Con Jackie torna al cinema un Pablo Larraín sottotono, aiutato da una splendida interpretazione di Natalie Portman.

Jackie: un titolo che contiene un diminutivo, che sottolinea inmediatamente il senso di un nome semplice, accessibile a tutti e, per tanto, di una forza mediatica e sociale  che ha fatto la storia degli Stati Uniti. Con queste intenzioni, il regista Pablo Larraín costruisce, perciò, una pellicola intima che è un delicato ed introspettivo ritratto di una delle donne simbolo degli anni Sessanta, Jacqueline Kennedy, interpretata da Natalie Portman.

È inevitabile non notare immediatamente l’avvicinamento quasi magnetico della cinepresa al volto di Natalie-Jackie, in continui primi piani che risaltano l’intimità emotiva della protagonista, ma che rappresentano, nello stesso tempo, il rischio più grande, ovvero quello di sovrapporre inevitabilmente l’immagine di due personaggi di una certa fama, che sembrano quasi confondersi.
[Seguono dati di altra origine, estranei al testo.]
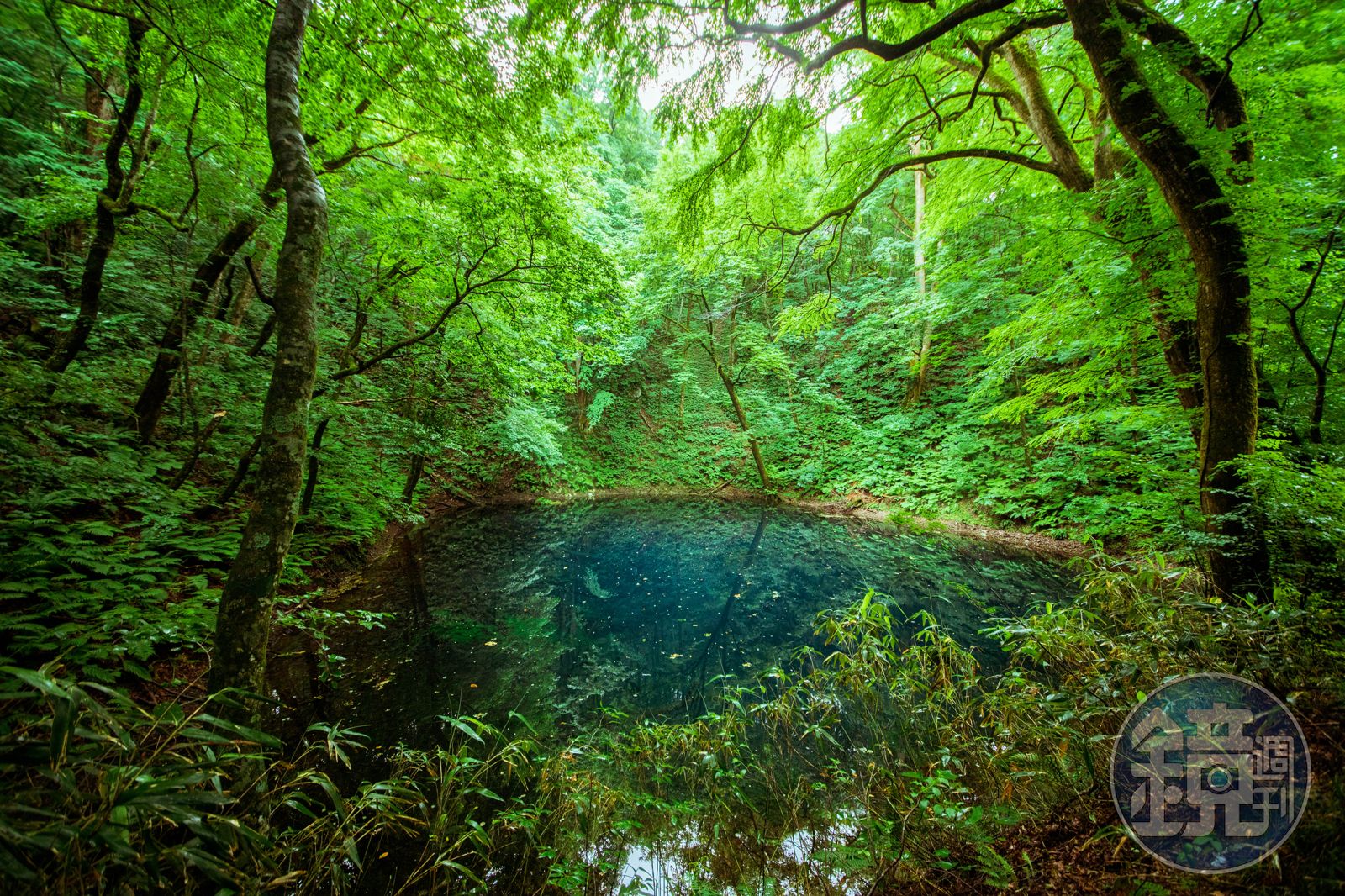 前往青池的來回道路上,最迷人處在於夏季可見的漫山鮮綠。白神山地從4月開始迎來新綠,也是健行起始的季節,隨著進入盛暑,新綠轉濃,又是不同面貌。從停車場開始進入山間,順著步道,大約走15分鐘便可輕鬆抵達傳說中透露藍寶石光澤的「青池」。透澈幾乎能見底的湖水,水下枯枝清晰可見,藍綠顏色的水面平靜無波,神秘的氣氛讓人平靜而陶醉。

I primi piani come scelta narrativa dimostrano l’interesse di Lorraín a svelare tutte le emozioni vissute dalla Kennedy dal giorno dell’attentato a Dallas, quel maledetto 22 novembre del 1963, in poi. Si passa dalla gioia di un progetto di governo ricco di speranza e di cambiamento per il Paese, portato avanti dal marito John, fino alla disillusione di un sogno interrotto, che lasciò gli statunitensi orfani e ormai lontani da quel nuovo vento di opportunità.

 

Natalie Portman è il film: incarna tutta la tensione e la responsabilità di Jacqueline, una donna che passa dall’aver ottenuto tutto all’averlo perso in pochissimo tempo. Il suo magnetismo è magistrale, le sue espressioni mettono in luce il sacrificio di Jackie, e poi la paura, ma anche la forza, quella che ha tirato fuori nel non arrendersi, anche dopo l’attentato.

 

Jackie 2

Jackie è interpretata da una splendida Natalie Portman

 

Inoltre, Larraín ha un’enorme capacità di costruire la sacralità del luogo-simbolo della vita dei Kennedy, qual è la Casa Bianca, attraverso le scene che ricreano lo stesso film che Jackie aveva realizzato per mostrare la loro vita all’interno di quella casa. La composizione delle sequenze alternate (prima, durante e dopo l’attentato) risaltano ancor di più questo intento: un luogo perfetto, pieno di illusioni e speranze, macchiato dal sangue del vestito e dei guanti di Jackie quando ritorna piena di dolore, dopo l’assassinio di suo marito, camminando tra le stanze di quel luogo e creando un’immagine quasi inquietante. L’illusione e la disillusione si fondono, l’amore e la morte, il bianco della casa e il rosso del sangue. Un ossimoro che dà forza alla protagonista, senza alcun dubbio, giacchè lei stessa nella realtà visse questo tormentato cambio di emozioni.

 

Ma una tale strategia non ha giovato al film in sè che possiede, purtroppo, un ritmo debole. La presenza solo accennata del fratello di John Kennedy, Bobby, non viene risaltata come si dovrebbe, nonostante in quel momento storico lui stesso acquisì un’enorme influenza politica; le scene dell’intervista a Jackie non hanno forza visiva nè narrativa di spessore, nonostante siano state volute per ricreare, probabilmente, un effetto ricordo; e l’attentato come fulcro monotematico intorno al quale ruota tutta la storia risulta spesso pesante.

 

La forza della pellicola, insomma, è tutta concentrata su Natalie Portman che apporta una grande intensità visuale al film, grazie alla sua espressività e al suo carisma. La pellicola,  però, resta immobile nella sua intimità  e non è in grado di concentrarsi sul resto: l’esterno, l’ambiente circostante e gli altri personaggi non sono così necessari, rappresentano quasi delle ombre che poco fanno e poco regalano al ritmo della narrazione. Ringraziamo la Portman per averci regalato, comunque, una grande interpretazione.

 

Più ombre che luci in Jackie di Pablo Larraín; a risaltare è allora l’interpretazione di Natalie Portman che porta sullo schermo Jacqueline Kennedy.